**DATA UNDER STUDY**.
<<<<

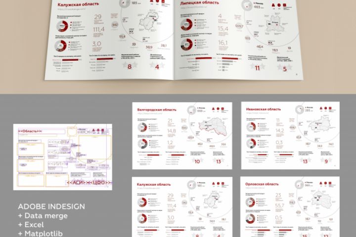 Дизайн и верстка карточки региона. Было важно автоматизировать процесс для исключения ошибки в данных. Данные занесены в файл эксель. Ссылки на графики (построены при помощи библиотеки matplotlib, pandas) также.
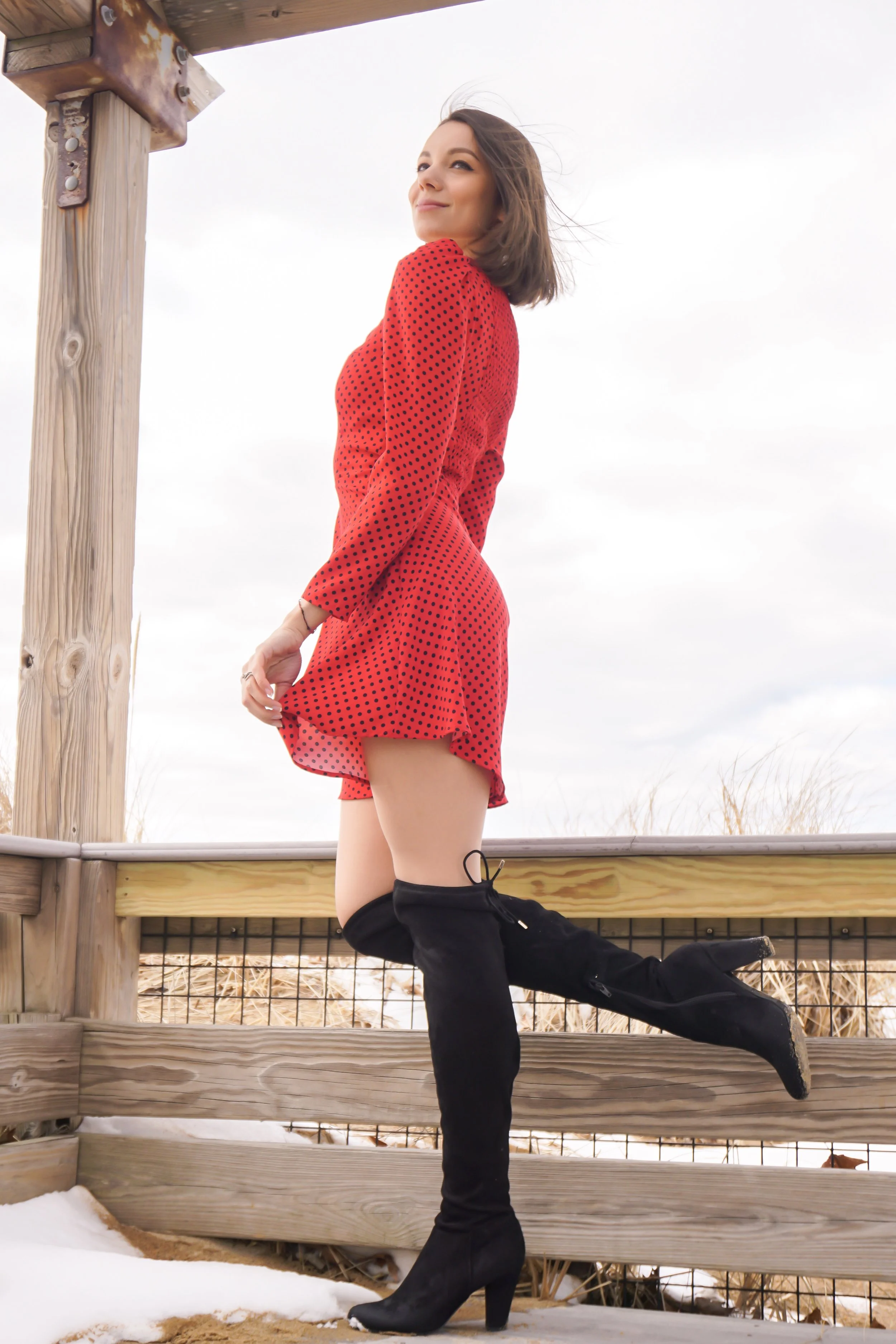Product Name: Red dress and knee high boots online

>>>>
<<<<

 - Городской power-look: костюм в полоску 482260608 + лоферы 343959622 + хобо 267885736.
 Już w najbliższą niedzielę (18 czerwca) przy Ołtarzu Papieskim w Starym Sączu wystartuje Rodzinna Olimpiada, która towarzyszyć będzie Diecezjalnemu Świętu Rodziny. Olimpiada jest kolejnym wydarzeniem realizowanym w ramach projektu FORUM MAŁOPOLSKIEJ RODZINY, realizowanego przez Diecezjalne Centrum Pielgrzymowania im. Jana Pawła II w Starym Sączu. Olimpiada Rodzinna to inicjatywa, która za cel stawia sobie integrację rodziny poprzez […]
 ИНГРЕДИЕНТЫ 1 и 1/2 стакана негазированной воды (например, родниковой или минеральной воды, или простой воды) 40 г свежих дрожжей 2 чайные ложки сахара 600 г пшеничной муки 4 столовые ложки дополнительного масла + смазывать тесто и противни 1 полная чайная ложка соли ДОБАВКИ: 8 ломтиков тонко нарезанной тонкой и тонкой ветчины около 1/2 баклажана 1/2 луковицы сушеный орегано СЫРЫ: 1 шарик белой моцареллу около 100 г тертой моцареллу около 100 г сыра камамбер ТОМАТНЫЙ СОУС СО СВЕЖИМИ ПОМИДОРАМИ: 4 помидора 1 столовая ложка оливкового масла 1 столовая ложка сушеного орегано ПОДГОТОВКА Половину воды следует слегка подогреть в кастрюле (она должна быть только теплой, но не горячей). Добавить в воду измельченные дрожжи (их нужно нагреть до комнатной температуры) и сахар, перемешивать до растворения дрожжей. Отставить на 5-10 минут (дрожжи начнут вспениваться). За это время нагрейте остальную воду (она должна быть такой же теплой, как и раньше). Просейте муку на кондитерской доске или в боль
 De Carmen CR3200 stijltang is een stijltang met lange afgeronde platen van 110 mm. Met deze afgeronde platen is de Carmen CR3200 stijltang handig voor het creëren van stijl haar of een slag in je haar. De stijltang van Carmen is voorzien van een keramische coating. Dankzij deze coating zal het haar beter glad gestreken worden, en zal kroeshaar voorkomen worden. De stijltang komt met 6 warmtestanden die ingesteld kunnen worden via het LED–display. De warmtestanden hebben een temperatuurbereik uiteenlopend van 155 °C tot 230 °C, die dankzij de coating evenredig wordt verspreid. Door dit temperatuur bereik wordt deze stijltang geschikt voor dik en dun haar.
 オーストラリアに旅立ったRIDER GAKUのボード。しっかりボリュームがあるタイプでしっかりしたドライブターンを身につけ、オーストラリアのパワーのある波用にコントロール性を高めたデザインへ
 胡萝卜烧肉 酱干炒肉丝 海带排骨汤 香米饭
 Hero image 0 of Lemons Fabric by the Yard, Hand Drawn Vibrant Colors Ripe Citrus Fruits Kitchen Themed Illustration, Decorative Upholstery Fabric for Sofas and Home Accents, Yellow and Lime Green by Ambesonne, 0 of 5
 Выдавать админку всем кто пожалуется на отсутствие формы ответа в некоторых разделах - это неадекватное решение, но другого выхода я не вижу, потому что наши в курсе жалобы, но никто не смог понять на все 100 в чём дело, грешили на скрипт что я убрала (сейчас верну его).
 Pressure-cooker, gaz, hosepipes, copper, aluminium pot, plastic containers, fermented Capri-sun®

>>>>

**TASK TO CARRY OUT**.
Reproduce the listing above from the line that holds "Дизайн и верстка" through the line that holds "Product Name: Red", both included, with the pictures left out.

**EXERCISE OUTPUT**.
 Дизайн и верстка карточки региона. Было важно автоматизировать процесс для исключения ошибки в данных. Данные занесены в файл эксель. Ссылки на графики (построены при помощи библиотеки matplotlib, pandas) также.
Product Name: Red dress and knee high boots online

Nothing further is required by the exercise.